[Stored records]
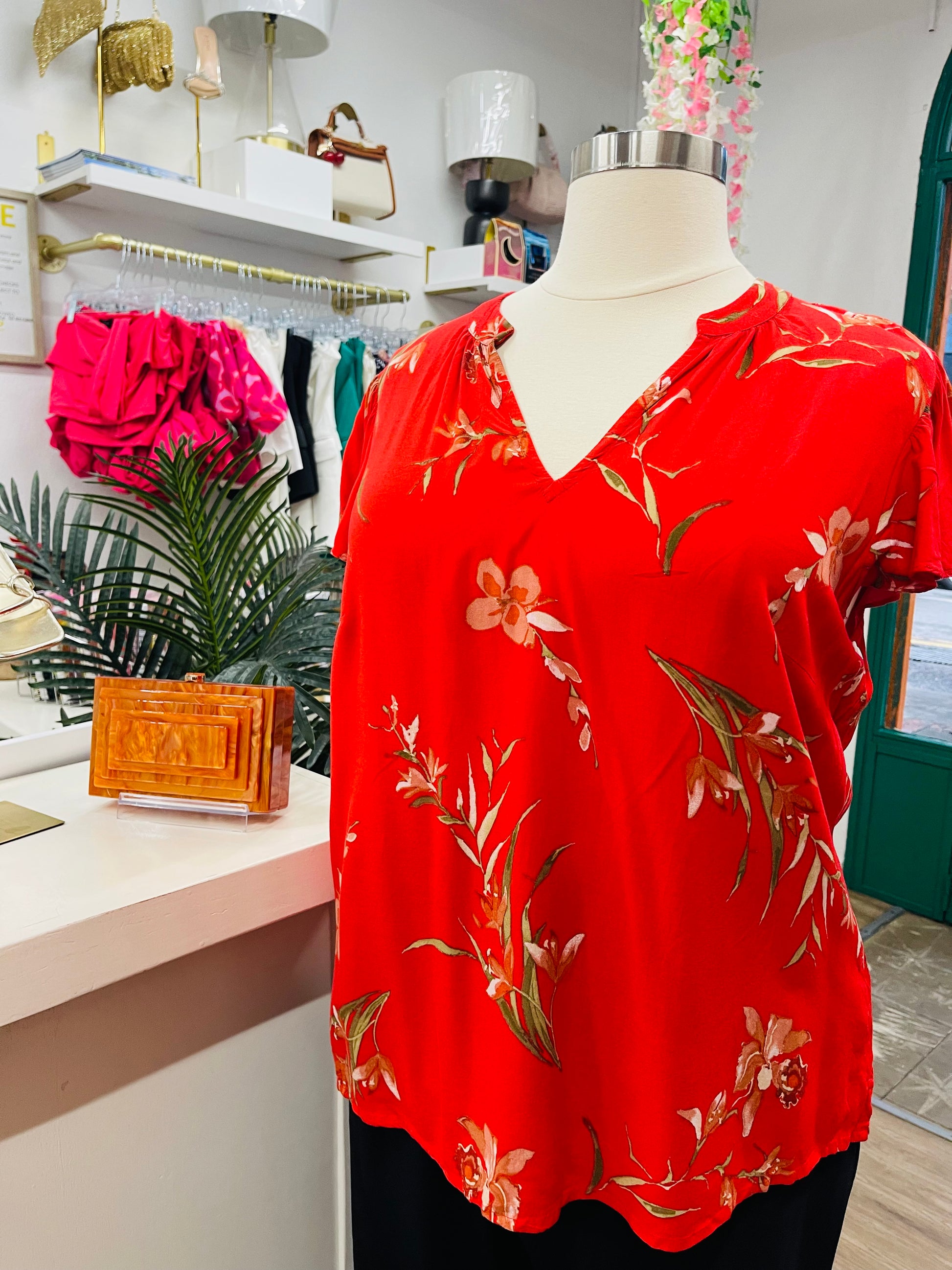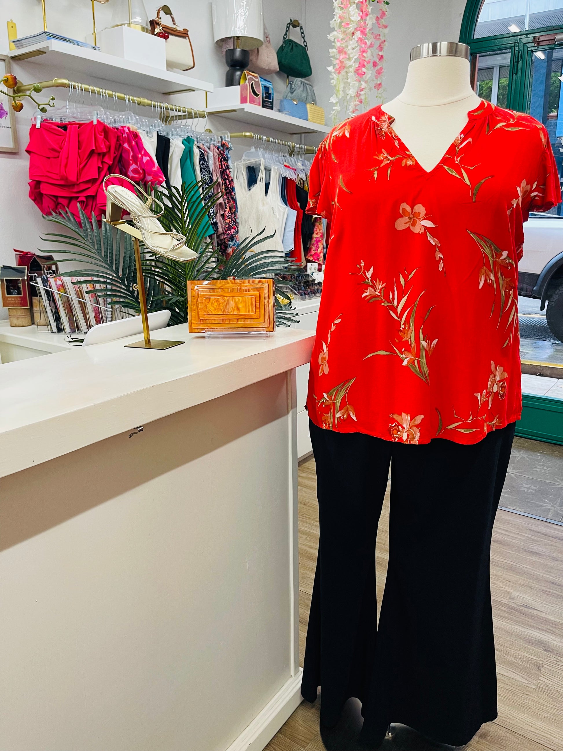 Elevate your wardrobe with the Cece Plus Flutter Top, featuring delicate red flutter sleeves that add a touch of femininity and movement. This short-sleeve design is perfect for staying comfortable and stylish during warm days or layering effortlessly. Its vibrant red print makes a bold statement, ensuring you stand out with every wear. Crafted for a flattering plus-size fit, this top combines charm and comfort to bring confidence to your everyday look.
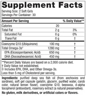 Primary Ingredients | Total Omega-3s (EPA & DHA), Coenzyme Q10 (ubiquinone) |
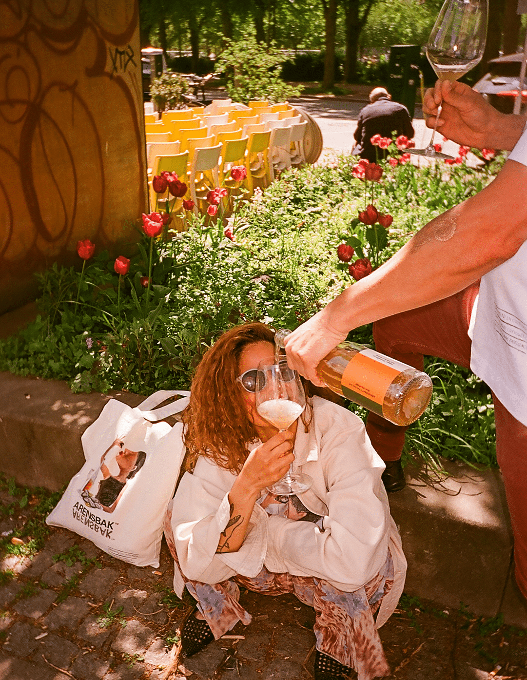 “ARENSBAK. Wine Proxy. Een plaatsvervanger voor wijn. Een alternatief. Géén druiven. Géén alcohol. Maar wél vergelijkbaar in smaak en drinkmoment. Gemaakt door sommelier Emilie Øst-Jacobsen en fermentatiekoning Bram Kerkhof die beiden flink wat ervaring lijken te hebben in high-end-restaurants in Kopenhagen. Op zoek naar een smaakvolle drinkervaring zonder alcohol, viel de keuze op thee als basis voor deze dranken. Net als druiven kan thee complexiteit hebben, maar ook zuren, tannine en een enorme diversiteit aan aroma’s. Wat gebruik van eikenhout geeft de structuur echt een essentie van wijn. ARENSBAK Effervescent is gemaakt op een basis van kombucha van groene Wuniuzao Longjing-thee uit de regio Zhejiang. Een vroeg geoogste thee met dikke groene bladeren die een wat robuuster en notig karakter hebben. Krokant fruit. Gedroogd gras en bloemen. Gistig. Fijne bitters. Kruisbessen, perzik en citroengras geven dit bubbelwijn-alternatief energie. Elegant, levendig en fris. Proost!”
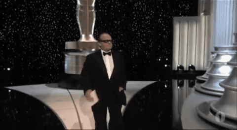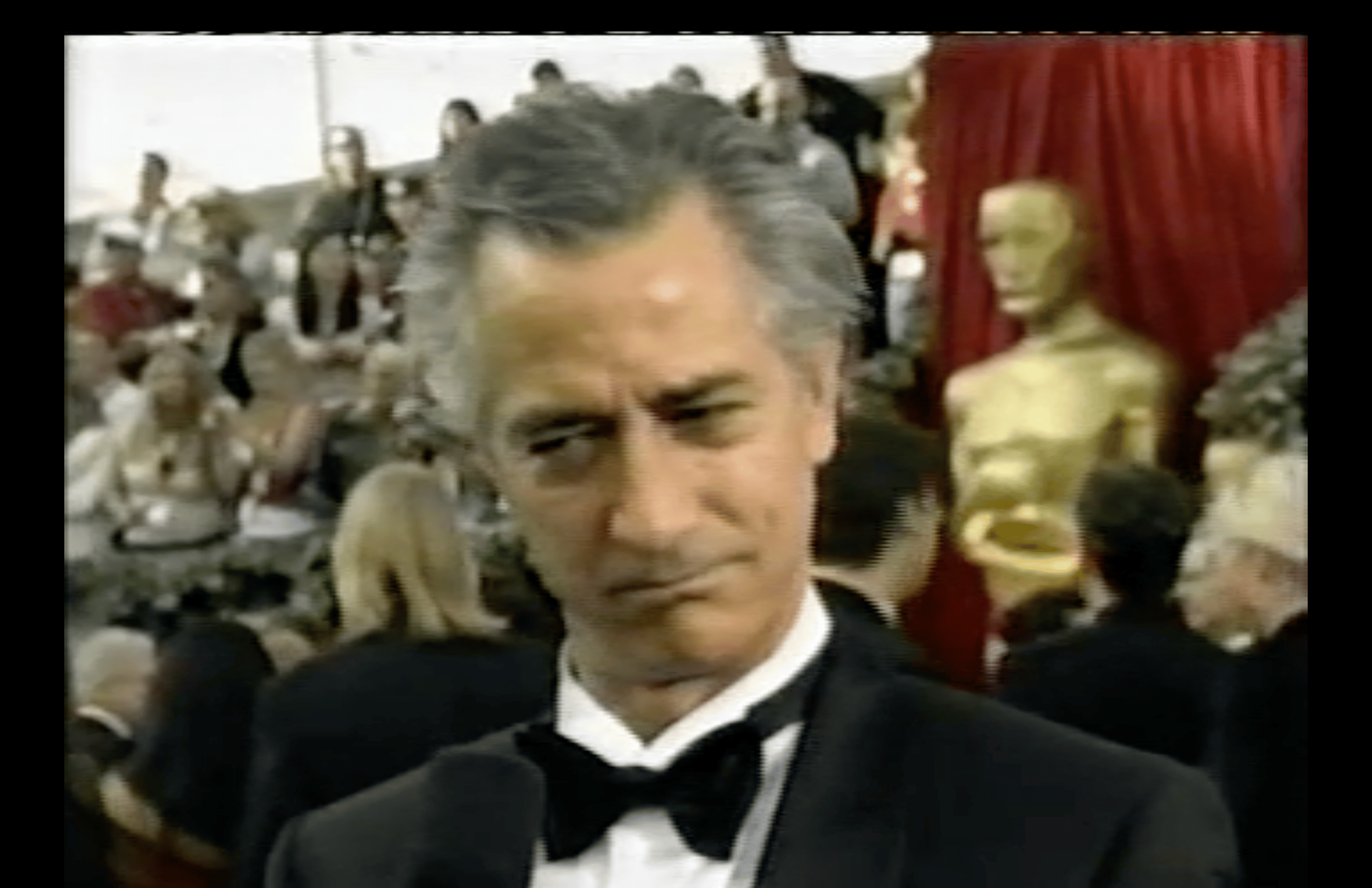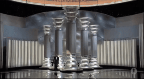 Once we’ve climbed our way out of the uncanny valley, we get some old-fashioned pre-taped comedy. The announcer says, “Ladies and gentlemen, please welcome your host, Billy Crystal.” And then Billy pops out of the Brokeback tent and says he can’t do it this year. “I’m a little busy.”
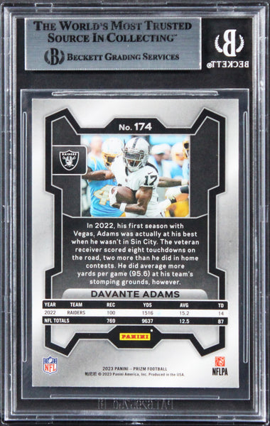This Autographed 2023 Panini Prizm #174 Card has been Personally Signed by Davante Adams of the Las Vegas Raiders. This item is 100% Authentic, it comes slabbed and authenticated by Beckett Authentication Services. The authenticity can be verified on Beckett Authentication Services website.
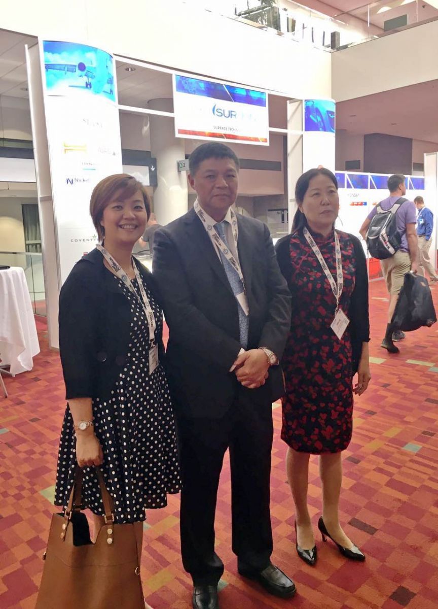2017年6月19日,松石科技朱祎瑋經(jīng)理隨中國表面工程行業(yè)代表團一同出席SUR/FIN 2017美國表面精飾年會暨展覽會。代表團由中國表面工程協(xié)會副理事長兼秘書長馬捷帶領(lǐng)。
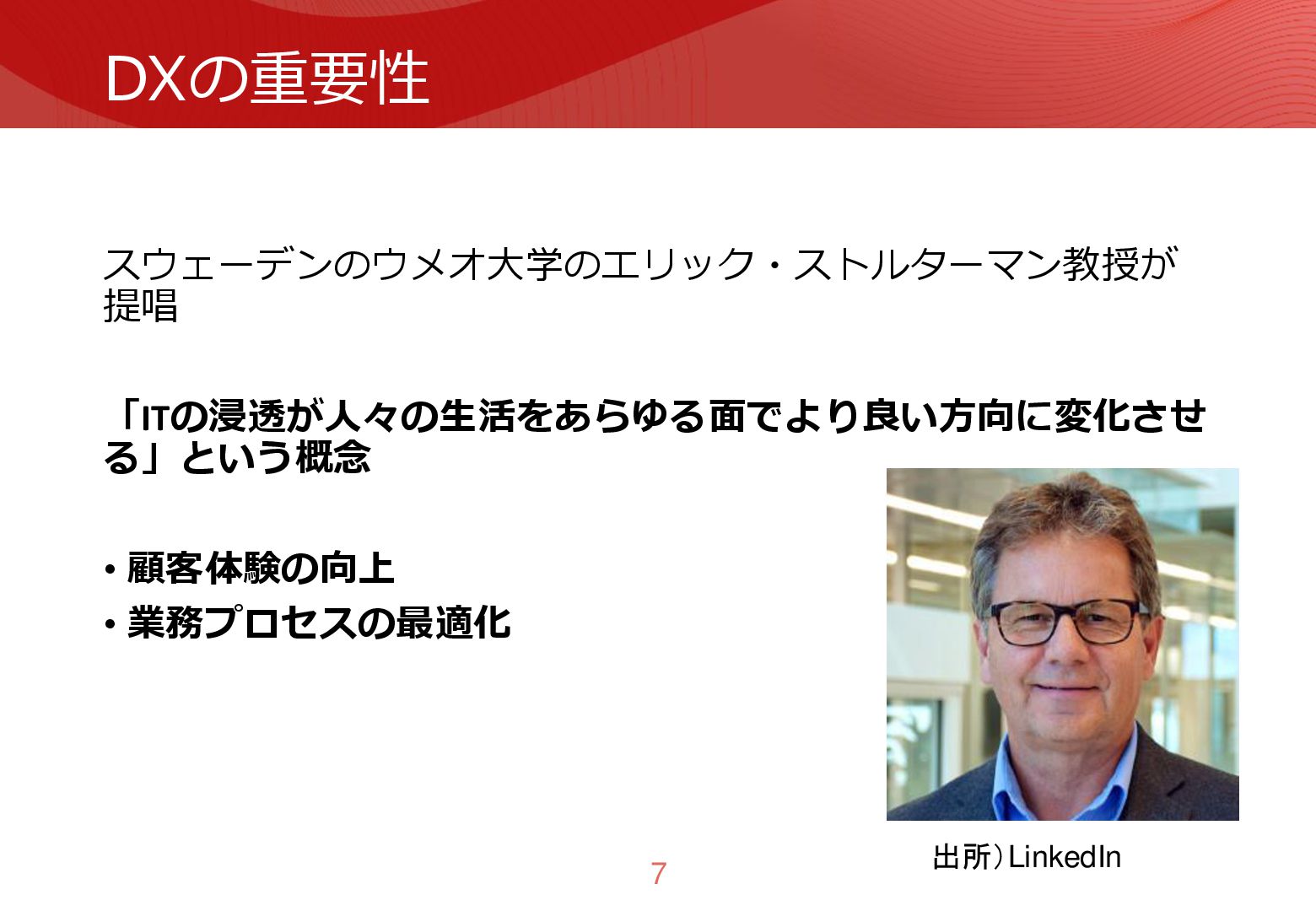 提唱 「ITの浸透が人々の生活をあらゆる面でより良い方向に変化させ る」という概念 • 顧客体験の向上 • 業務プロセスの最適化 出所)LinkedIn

■ WHAT YOU HAVE TO DO
The entries are to be copied exactly, and each image is to be omitted.

■ RESPONSE TO THE TASK
 Elevate your wardrobe with the Cece Plus Flutter Top, featuring delicate red flutter sleeves that add a touch of femininity and movement. This short-sleeve design is perfect for staying comfortable and stylish during warm days or layering effortlessly. Its vibrant red print makes a bold statement, ensuring you stand out with every wear. Crafted for a flattering plus-size fit, this top combines charm and comfort to bring confidence to your everyday look.
 Primary Ingredients | Total Omega-3s (EPA & DHA), Coenzyme Q10 (ubiquinone) |
 “ARENSBAK. Wine Proxy. Een plaatsvervanger voor wijn. Een alternatief. Géén druiven. Géén alcohol. Maar wél vergelijkbaar in smaak en drinkmoment. Gemaakt door sommelier Emilie Øst-Jacobsen en fermentatiekoning Bram Kerkhof die beiden flink wat ervaring lijken te hebben in high-end-restaurants in Kopenhagen. Op zoek naar een smaakvolle drinkervaring zonder alcohol, viel de keuze op thee als basis voor deze dranken. Net als druiven kan thee complexiteit hebben, maar ook zuren, tannine en een enorme diversiteit aan aroma’s. Wat gebruik van eikenhout geeft de structuur echt een essentie van wijn. ARENSBAK Effervescent is gemaakt op een basis van kombucha van groene Wuniuzao Longjing-thee uit de regio Zhejiang. Een vroeg geoogste thee met dikke groene bladeren die een wat robuuster en notig karakter hebben. Krokant fruit. Gedroogd gras en bloemen. Gistig. Fijne bitters. Kruisbessen, perzik en citroengras geven dit bubbelwijn-alternatief energie. Elegant, levendig en fris. Proost!”
 Once we’ve climbed our way out of the uncanny valley, we get some old-fashioned pre-taped comedy. The announcer says, “Ladies and gentlemen, please welcome your host, Billy Crystal.” And then Billy pops out of the Brokeback tent and says he can’t do it this year. “I’m a little busy.”
This Autographed 2023 Panini Prizm #174 Card has been Personally Signed by Davante Adams of the Las Vegas Raiders. This item is 100% Authentic, it comes slabbed and authenticated by Beckett Authentication Services. The authenticity can be verified on Beckett Authentication Services website.
2017年6月19日,松石科技朱祎瑋經(jīng)理隨中國表面工程行業(yè)代表團一同出席SUR/FIN 2017美國表面精飾年會暨展覽會。代表團由中國表面工程協(xié)會副理事長兼秘書長馬捷帶領(lǐng)。
 提唱 「ITの浸透が人々の生活をあらゆる面でより良い方向に変化させ る」という概念 • 顧客体験の向上 • 業務プロセスの最適化 出所)LinkedIn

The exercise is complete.